About this exercise -
Restate word for word each line from the one containing "good. SOLD |" through the end of the material, and nothing more. Drop every picture.

Supplied data -
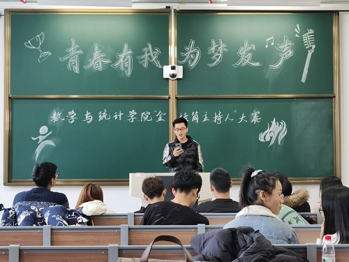 比赛分为两个赛程,第一个赛程为选手按自备稿主持,第二个赛程由评委出题,选手依题目自由发挥主持。比赛由周瀚林同学的家乡介绍拉开了序幕,周丹同学柔情的自我介绍打动了现场的每一位观众,杨莹莹和段富山饱含爱国热情的激情演讲将比赛氛围推向了高潮,真切地表达出了对主持的热爱。经过半个多小时激烈比拼,杨莹莹、郑浩、段富山、周瀚林、周丹五名同学进入了第二轮比赛。第二轮中,周丹为同学们诉说了故乡情怀的温暖,周瀚林带同学们展望了“5G”时代的未来,段富山详细论述了初心和梦想的重要关系,唤起当代青年人的政治信仰和奋斗激情,杨莹莹带大家更深入地了解网络主播的身份和对当今社会的影响与作用,郑浩的主持内容则是提前将大家带到了元旦晚会的现场。经过评审团的打分和评议,最终,周瀚林同学以89分夺得此次主持人比赛第一名,段富山和杨莹莹分别获得第二名和第三名。
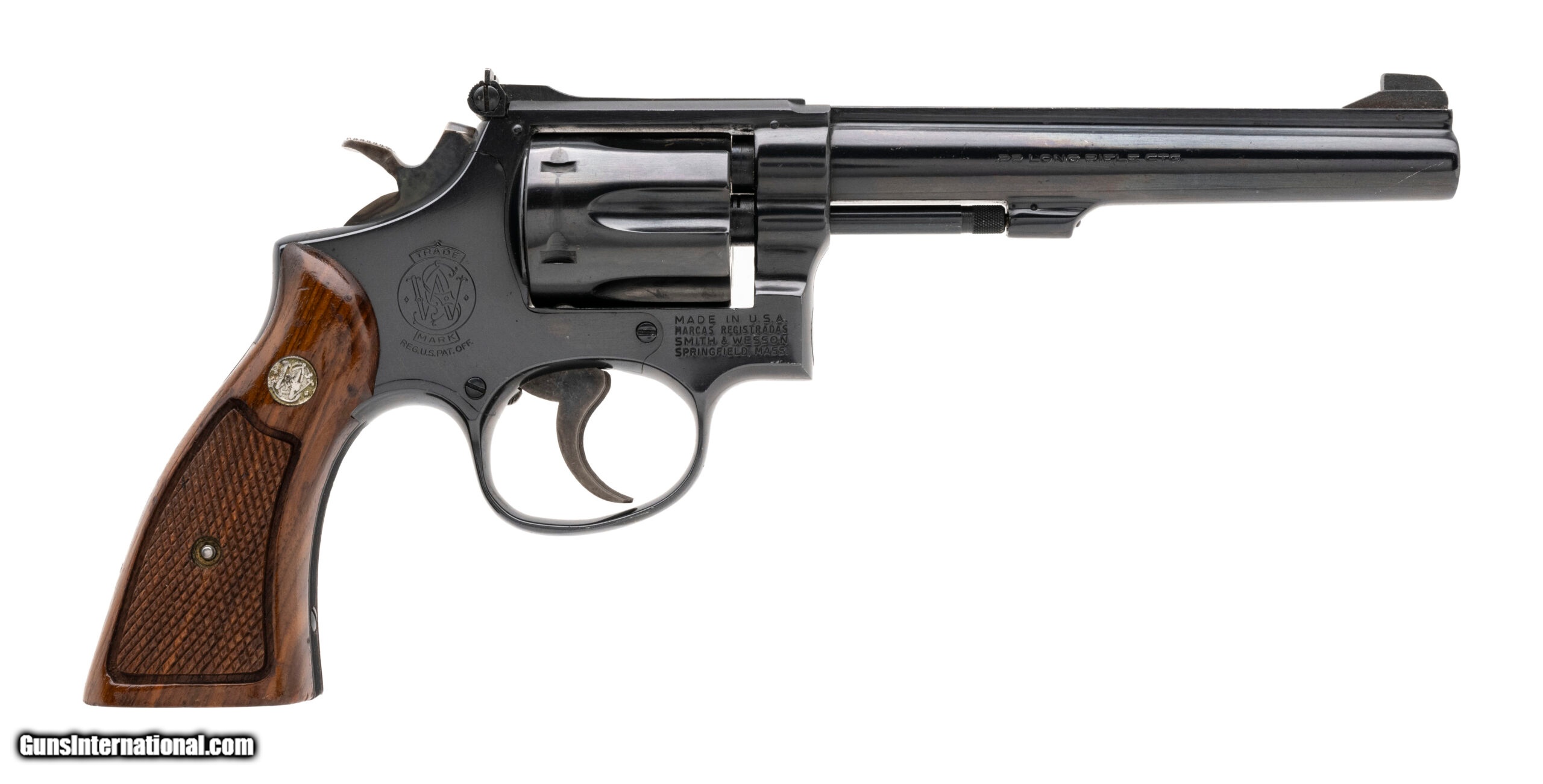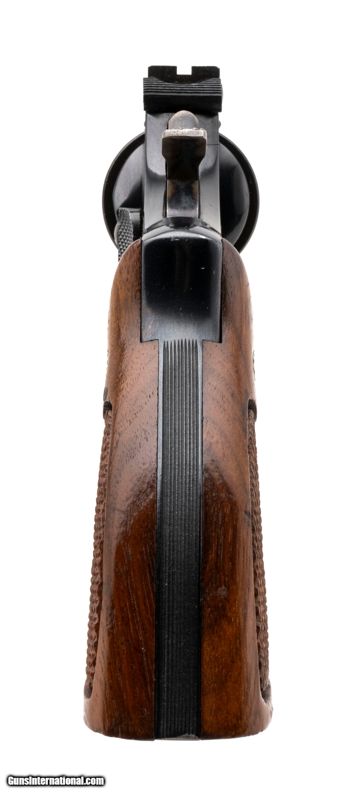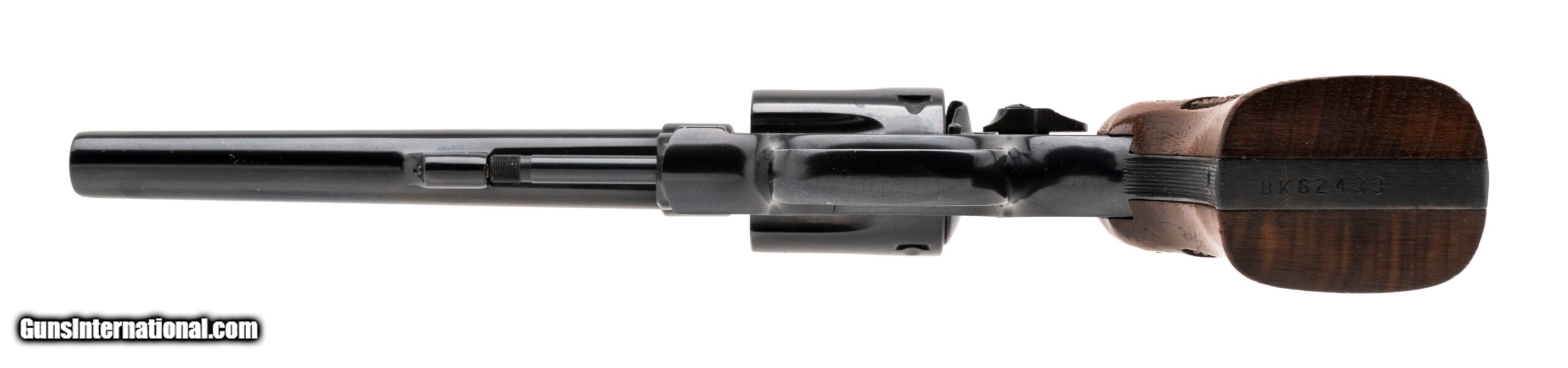 Description: "SN: 8K62433. Made circa 1970's, .22LR with a 6"" barrel. bore is bright with strong rifling. Vintage K22 target revolver with pinned barrel and recessed cylinder. Blued finish shows wear on the cylinder but is in good condition. Wood grips are very good. Overall condition is good. SOLD |
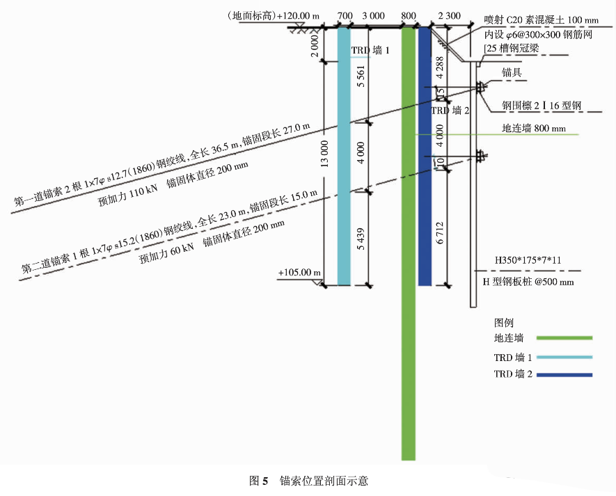 1、5號基坑支護方案:○800@1 050灌注樁+700 mm厚TRD止水墻,三道錨索.

Your solution -
 Description: "SN: 8K62433. Made circa 1970's, .22LR with a 6"" barrel. bore is bright with strong rifling. Vintage K22 target revolver with pinned barrel and recessed cylinder. Blued finish shows wear on the cylinder but is in good condition. Wood grips are very good. Overall condition is good. SOLD |
 1、5號基坑支護方案:○800@1 050灌注樁+700 mm厚TRD止水墻,三道錨索.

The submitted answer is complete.